De procedure bij de Ondernemingskamer
Op 1 februari 2013 zijn SNS Reaal en SNS Bank genationaliseerd, nadat zij in de problemen kwamen door ontwikkelingen bij dochtervennootschap Property Finance. Hierbij zijn houders van effecten en vermogensbestanddelen in SNS Reaal en SNS Bank door de Staat onteigend. Een aantal van hen is bij de Ondernemingskamer opgekomen tegen de schadeloosstelling van nihil die de minister van Financiën heeft aangeboden vanwege de onteigening. De Ondernemingskamer heeft – na meerdere tussenuitspraken – uiteindelijk, begin 2021, de schadeloosstelling vastgesteld op bijna € 805 miljoen. Daarbij komen nog de wettelijke rente vanaf 1 februari 2013 tot aan de datum van de betaling en de kosten van een aantal belanghebbenden die de Staat moet voldoen.

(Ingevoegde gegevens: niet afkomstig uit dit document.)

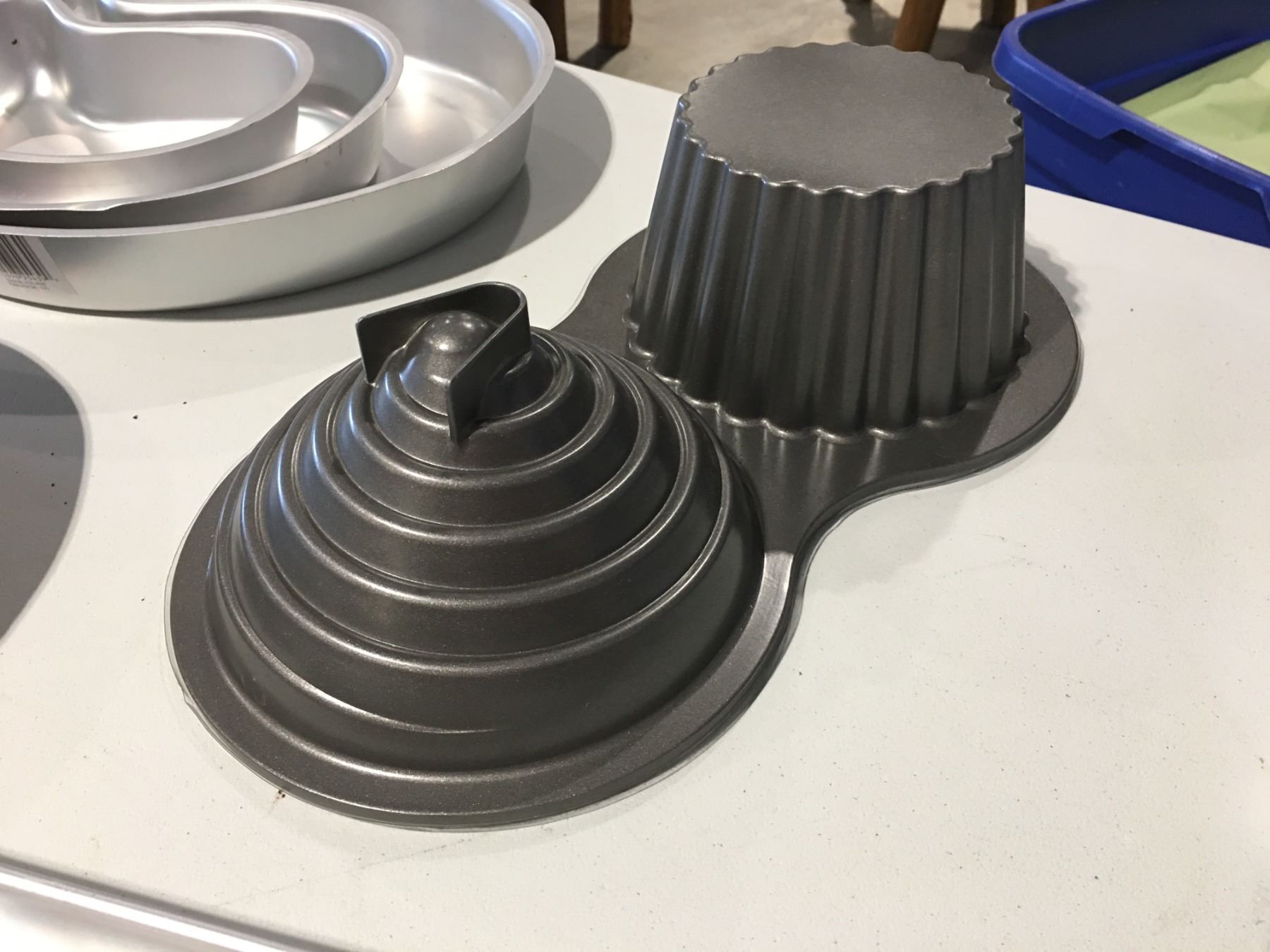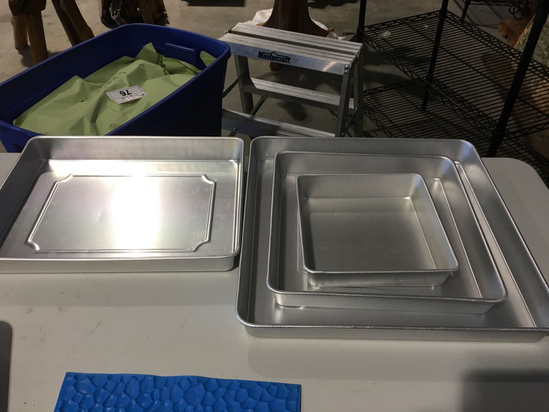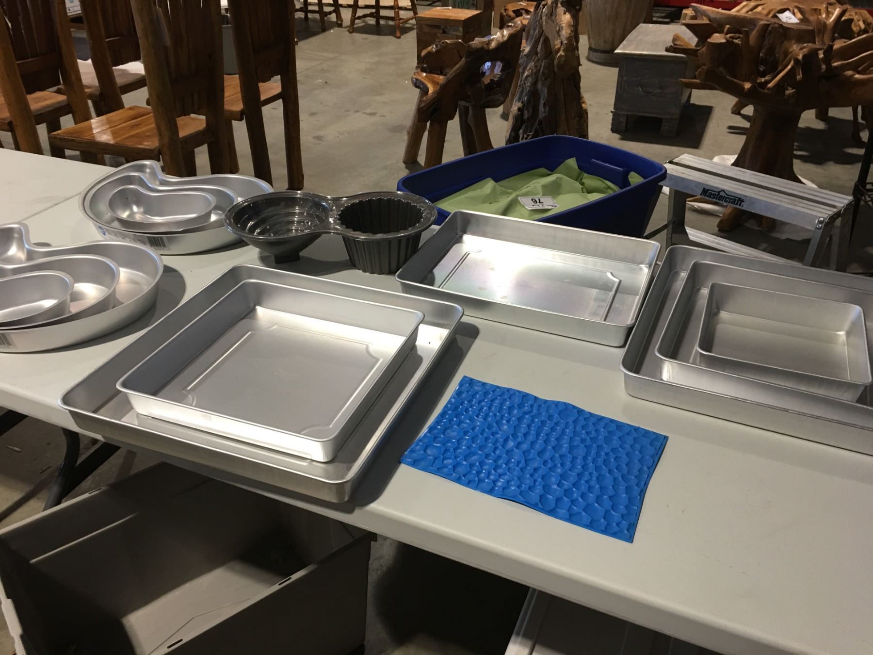 LOT OF ASSTD BAKE WARE INCLUDING - 2 X 3 PCE SET OF WILTON 3-TIER PAISLEY PAN SET 9"/12.5" & 16", SET OF SQUARE PANS 8", 12", 16", PLUS 11" X 15, 12" X 12", 16" X 16" PANS & SILICONE MOLDING PANEL & JUMBO CUPCAKE CAKE MOLD

Naar het oordeel van de Ondernemingskamer moest voor de hoogte van de schadeloosstelling worden beoordeeld welk bedrag de onteigenden zouden hebben gekregen als SNS Reaal en SNS Bank niet zouden zijn genationaliseerd, maar failliet zouden zijn verklaard. Daarbij heeft zij geoordeeld dat de (voormalige) houders van achtergestelde obligaties en leningen in dat scenario een groot deel van hun vordering zouden hebben ontvangen, omdat deze vorderingen in een hypothetisch faillissement nog waarde zouden hebben gehad. Voor de aandelen in SNS Reaal is dat niet het geval. De (voormalige) houders van deze aandelen hebben dus geen recht op betaling van een schadeloosstelling. Dit laatste geldt ook voor de (voormalige) houders van Core Tier 1 Securities.
Cassatieberoepen en adviezen AG
De minister van Financiën en een aantal belanghebbenden hebben cassatieberoep ingesteld van diverse beschikkingen van de Ondernemingskamer in deze schadeloosstellingsprocedure. Daarbij is in cassatie sprake van twee zaken. De cassatieklachten in de eerste zaak (nr. 21/02048) hebben vooral betrekking op de bepaling van de waarde van de achtergestelde obligaties en leningen door de Ondernemingskamer en op de hoogte van de kostenvergoedingen. De cassatieklachten in de tweede zaak (nr. 21/02052) houden verband met het oordeel van de Ondernemingskamer met betrekking tot de Core Tier 1 Securities.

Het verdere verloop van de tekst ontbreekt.